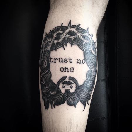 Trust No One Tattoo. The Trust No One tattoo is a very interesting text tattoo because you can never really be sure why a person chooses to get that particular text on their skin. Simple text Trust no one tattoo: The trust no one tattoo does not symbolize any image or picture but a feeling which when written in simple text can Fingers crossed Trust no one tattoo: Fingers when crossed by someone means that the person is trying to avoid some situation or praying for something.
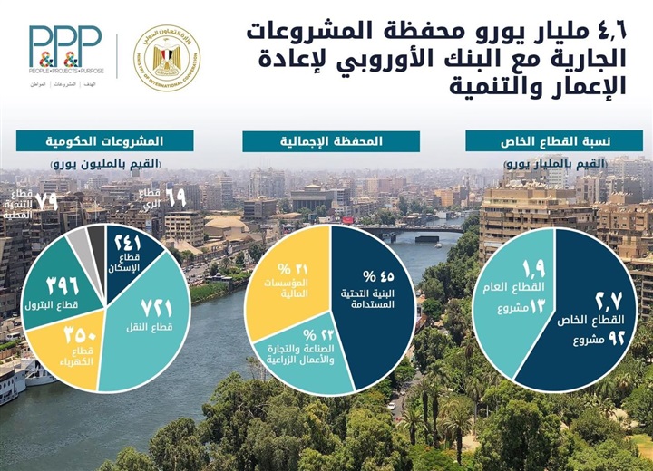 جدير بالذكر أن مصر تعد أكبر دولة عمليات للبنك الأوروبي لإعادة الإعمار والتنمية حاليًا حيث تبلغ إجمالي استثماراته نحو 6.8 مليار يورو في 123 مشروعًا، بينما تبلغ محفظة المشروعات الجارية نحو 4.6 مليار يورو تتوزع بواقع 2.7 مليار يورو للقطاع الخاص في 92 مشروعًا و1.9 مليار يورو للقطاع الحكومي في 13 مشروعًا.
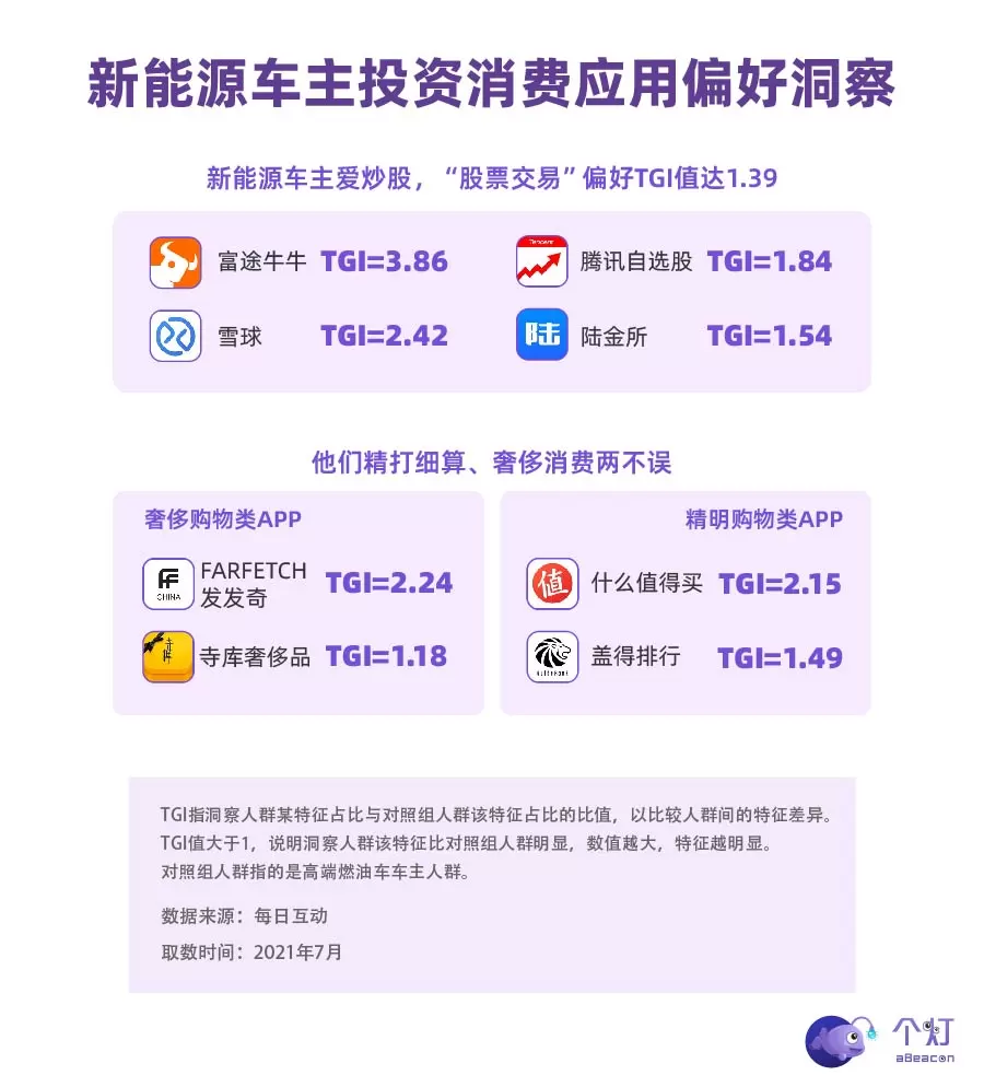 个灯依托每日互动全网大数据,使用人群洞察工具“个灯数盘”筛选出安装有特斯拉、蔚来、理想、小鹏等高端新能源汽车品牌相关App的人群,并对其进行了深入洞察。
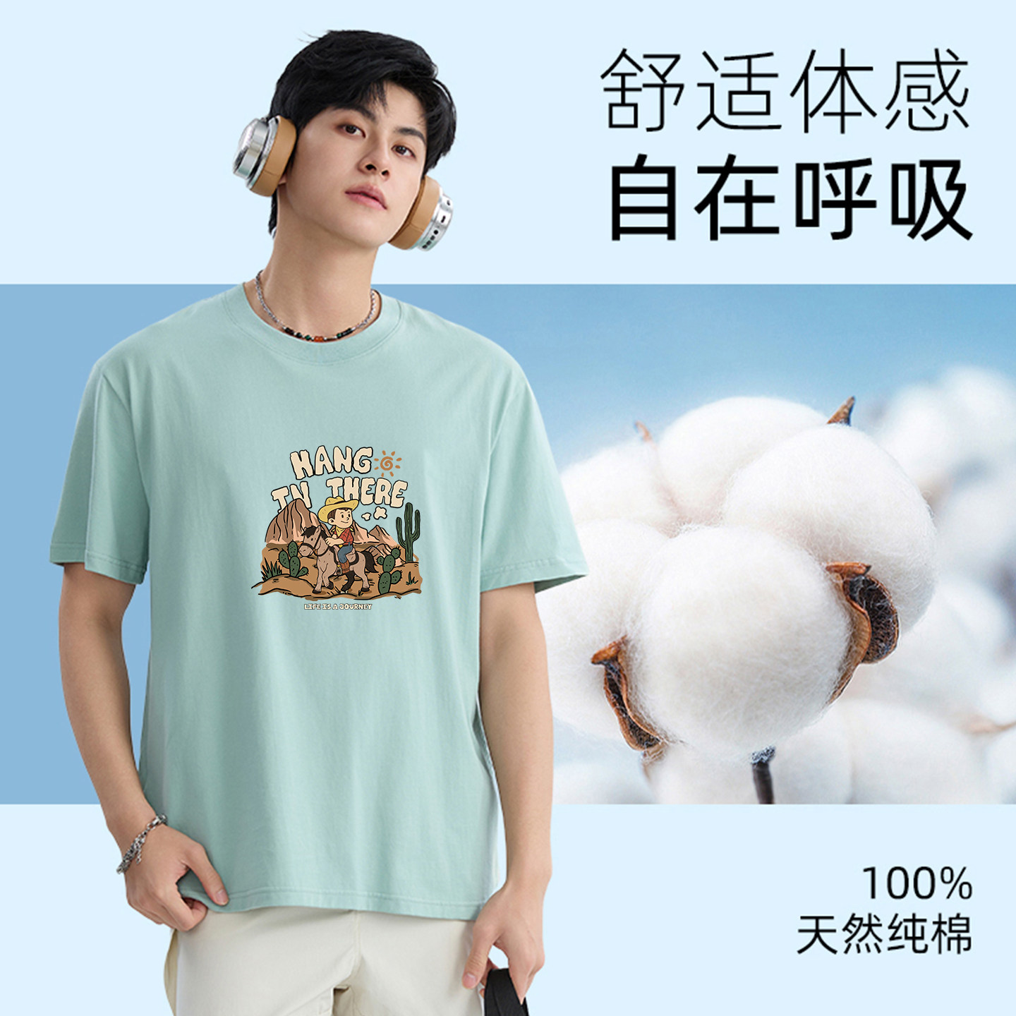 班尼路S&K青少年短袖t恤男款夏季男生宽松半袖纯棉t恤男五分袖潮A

==

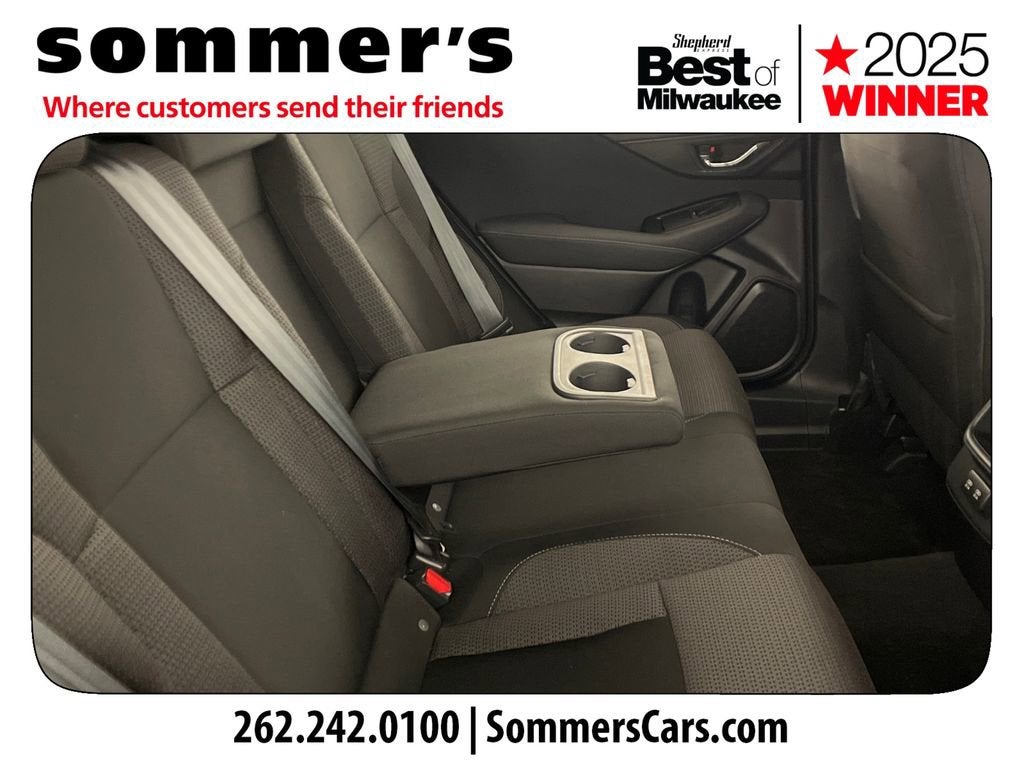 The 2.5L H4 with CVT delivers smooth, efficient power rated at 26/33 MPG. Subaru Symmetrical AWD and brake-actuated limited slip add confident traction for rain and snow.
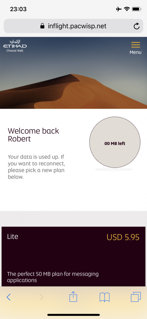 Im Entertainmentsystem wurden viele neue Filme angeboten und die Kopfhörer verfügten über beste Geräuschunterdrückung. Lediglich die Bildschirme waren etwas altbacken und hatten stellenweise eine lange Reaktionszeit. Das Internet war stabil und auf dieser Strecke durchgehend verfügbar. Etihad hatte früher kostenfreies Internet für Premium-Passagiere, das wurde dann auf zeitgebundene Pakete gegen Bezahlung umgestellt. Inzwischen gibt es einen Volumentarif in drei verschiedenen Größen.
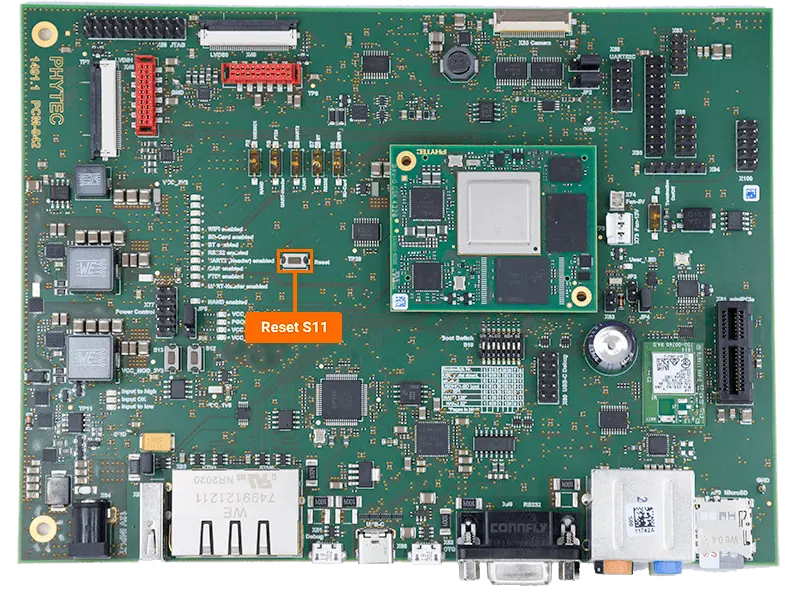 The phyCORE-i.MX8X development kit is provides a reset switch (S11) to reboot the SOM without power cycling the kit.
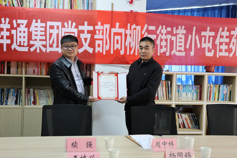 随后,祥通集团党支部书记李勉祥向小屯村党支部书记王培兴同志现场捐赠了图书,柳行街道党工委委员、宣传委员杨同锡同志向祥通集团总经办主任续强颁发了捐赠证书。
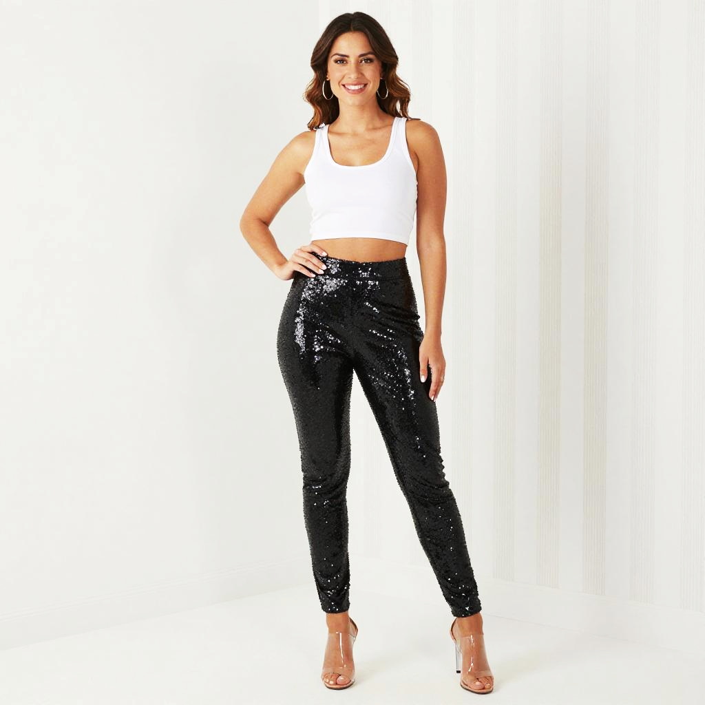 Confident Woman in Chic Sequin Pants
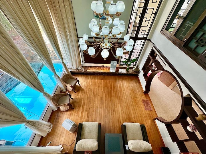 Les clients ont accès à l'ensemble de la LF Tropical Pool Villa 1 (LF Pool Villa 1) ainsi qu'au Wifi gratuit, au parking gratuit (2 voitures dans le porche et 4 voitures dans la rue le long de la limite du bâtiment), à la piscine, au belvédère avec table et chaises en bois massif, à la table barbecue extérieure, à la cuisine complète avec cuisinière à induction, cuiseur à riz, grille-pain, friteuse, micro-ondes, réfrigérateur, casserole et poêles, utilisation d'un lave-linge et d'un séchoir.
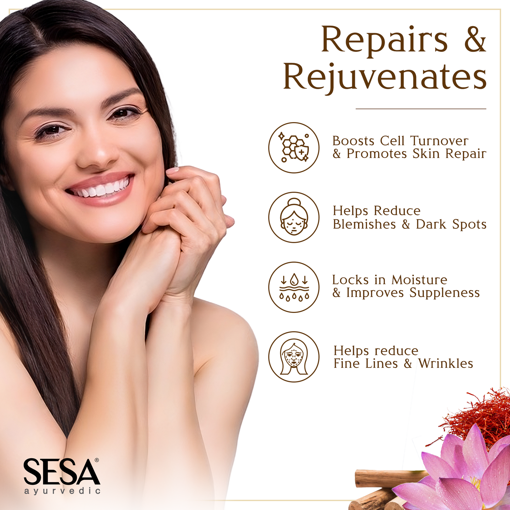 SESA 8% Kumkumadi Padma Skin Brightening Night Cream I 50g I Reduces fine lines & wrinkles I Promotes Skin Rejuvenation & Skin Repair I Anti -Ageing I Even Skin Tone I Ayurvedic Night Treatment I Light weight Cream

■ **Assignment**
Give back exactly the lines of the listing above from the one that contains "The phyCORE-i.MX8X development" up to and including the one that contains "Confident Woman in Chic Sequin Pants", but not the pictures, and no other lines.

■ **Expected answer**
 The phyCORE-i.MX8X development kit is provides a reset switch (S11) to reboot the SOM without power cycling the kit.
 随后,祥通集团党支部书记李勉祥向小屯村党支部书记王培兴同志现场捐赠了图书,柳行街道党工委委员、宣传委员杨同锡同志向祥通集团总经办主任续强颁发了捐赠证书。
 Confident Woman in Chic Sequin Pants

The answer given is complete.